Probe into Lagarde's €400m 'sweetheart' deal for businessman
John Lichfield has been The Independent's man in Paris since 1997, covering French news. Before that, he was the paper's Foreign Editor and he has also worked in Brussels and Washington. In 1999, he was the UK press Awards Foreign Reporter of the year.
Friday 05 August 2011
The stainless reputation of the new International Monetary Fund (IMF) chief, Christine Lagarde, is to be tested by a French court investigation.
Six judges decided yesterday that there was prima facie reason to investigate Ms Lagarde for "complicity in forgery and embezzlement" for approving a €400m (£346.4m) legal settlement to a controversial businessman in 2008.
There will now be a lengthy, formal inquiry on behalf of the special court which tries alleged wrongdoing by French ministers and former ministers. A trial, if any, would still be several years away.
Consequently, there is no immediate threat to Ms Lagarde's position as chief executive of the IMF.
She was elected to the IMF's top post last month to replace another former French finance minister, Dominique Strauss-Kahn, who faces charges of attempted rape in New York.
In nominating Ms Lagarde to the post in June, Paris gave assurances to other governments that the allegations against her would come to nothing.

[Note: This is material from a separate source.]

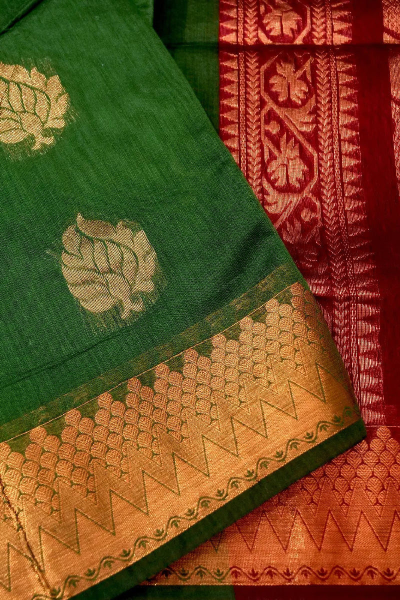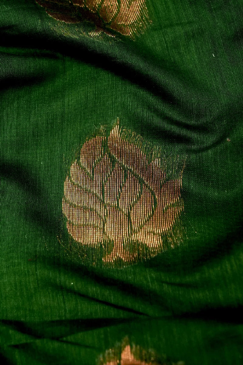 - Saree Details : Saree Fabric :- Siko Cotton | Blouse Fabric :- Siko Cotton | Saree Work :- Boota Zari Design With Zari Hand Work & Golden Zari Border | Blouse Work: Maroon Color With Zari Border | Saree Color: Mehendi Green Color | Blouse Color : Maroon Color |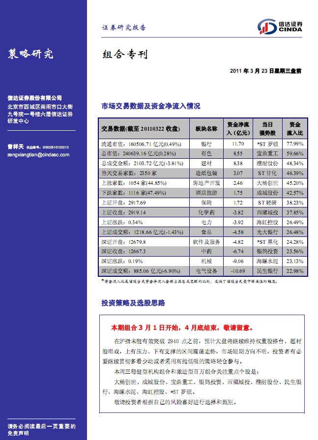3月24日信达证券组合专刊

Ms Lagarde, 55, is accused of exceeding her authority as finance minister to push through a "sweetheart" settlement of a long-running compensation dispute between the French government and the disgraced tycoon and businessman Bernard Tapie. There is no suggestion she benefited personally from the deal, but opposition politicians allege Mr Tapie received an unjustifiably high settlement because he switched allegiances from left to right in the 2007 presidential election to support Nicolas Sarkozy.
Once a senior international lawyer, Ms Lagarde, rejects any suggestion that she acted illegally or politically. She says the settlement, recommended by an arbitration panel that she appointed, was the best way to end a long and poisonous dispute.
Mr Tapie, 68, rose to fame in the 1980s and early 1990s by rescuing a series of failing companies, including the German-based sporstwear firm, Adidas.
He became the owner of the leading football club, Olympique Marseilles (OM) and was appointed minister for urban renewal in a left-wing government.
Later Mr Tapie sold Adidas to the then state-owned bank, Crédit Lyonnais.
After Adidas was resold the following year, Mr Tapie persuaded a court he had been badly treated or cheated. However, no final agreement could be reached on a figure for compensation until Ms Lagarde appointed an independent arbitration panel in 2008.